ABOUT THIS EXERCISE
In the records below, the lines between the one holding "Based on a personalized" and the one holding "Game Night at LCMNU", inclusive, are to be transcribed exactly; no pictures are to be included.
INPUT RECORDS section start
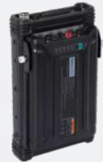
Power Management System PV3001
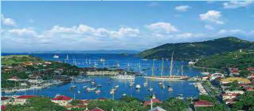
Sailboats speckle the cerulean waters surrounding Gustavia, St. Barts, a posh holiday destination notable for its distinct Breton, Norman and Swedish influences.

The French West Indies island of St. Barts was once a destination exclusive to the rich and famous, chic and stylish, yet casual. The island is known for its secluded coves, pristine beaches and hillsides dotted with
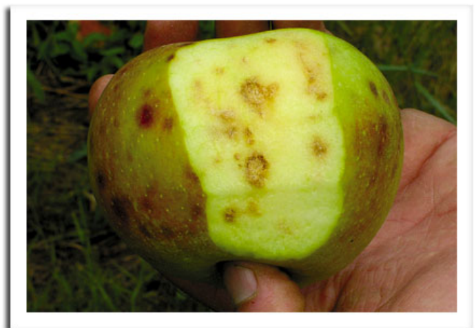
Brown marmorated stink bug damage

STINK BUG: Populations of native stink bugs are increasing in field crops, indicating a potential for movement into apple orchards prior to harvest. Orchard sites adjacent to uncultivated areas or with ground covers provide favored habitat. Apple growers should begin scouting fruits for the dimples or dark, irregular circular depressions typical of stink bug feeding, and flag sites with multiple depressions on the same fruit or tree. Damage by this pest is often limited to perimeter areas in the orchard and depending on the distribution of the population, spot treatment may be adequate.
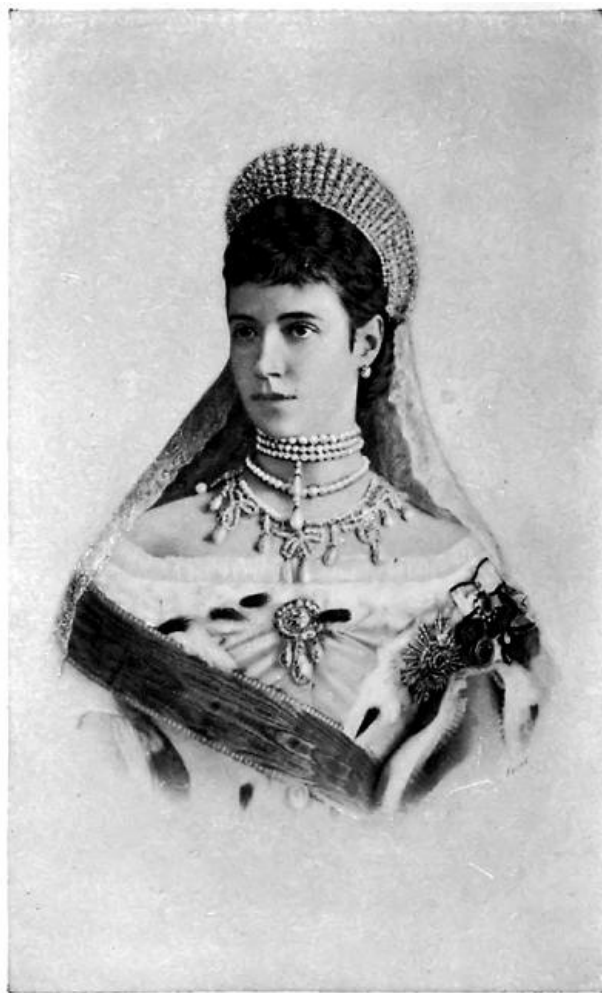
DOWAGER CZARINA OF RUSSIA.

It is now more than three hundred years since the Cossack robber Yermak invaded Siberia, and more than two centuries since that vast section of Northern Asia was added to the Russian empire. The great river Amur, flowing far through Eastern Siberia to the Pacific, was discovered in 1643 by a party of Cossack hunters, who launched their boats on this magnificent stream and sailed down it to the sea. It was Chinese soil through which it ran, its waters flowing through the province of Manchuria, the native land of the emperors of China.
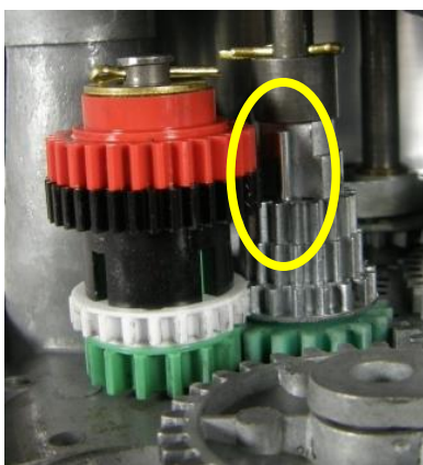
Vertical Pin in Place - Wrong!
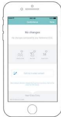
No ECG changes

Based on a personalized ECG comparison, you will receive one of 3 possible recommendations for action after just 20 seconds . No matter where you are, you will immediately know whether you require medical attention. Keep an eye on your heart at all times – even when you're not connected to the internet.
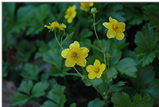
Barren Strawberry flowers
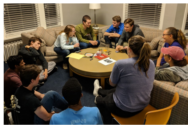
Game Night at LCMNU
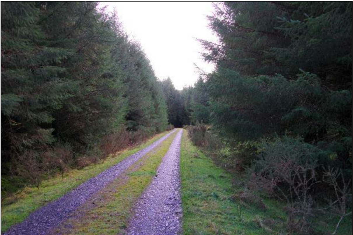
Plate 14-39: View of existing track and forestry at proposed location of T11
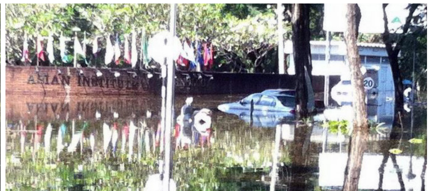
The AIT entrance
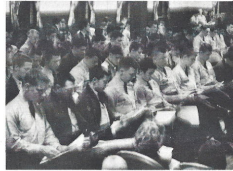
“We get to sing Christmas Carols.”
INPUT RECORDS section end
ANSWER SPACE
Based on a personalized ECG comparison, you will receive one of 3 possible recommendations for action after just 20 seconds . No matter where you are, you will immediately know whether you require medical attention. Keep an eye on your heart at all times – even when you're not connected to the internet.
Barren Strawberry flowers
Game Night at LCMNU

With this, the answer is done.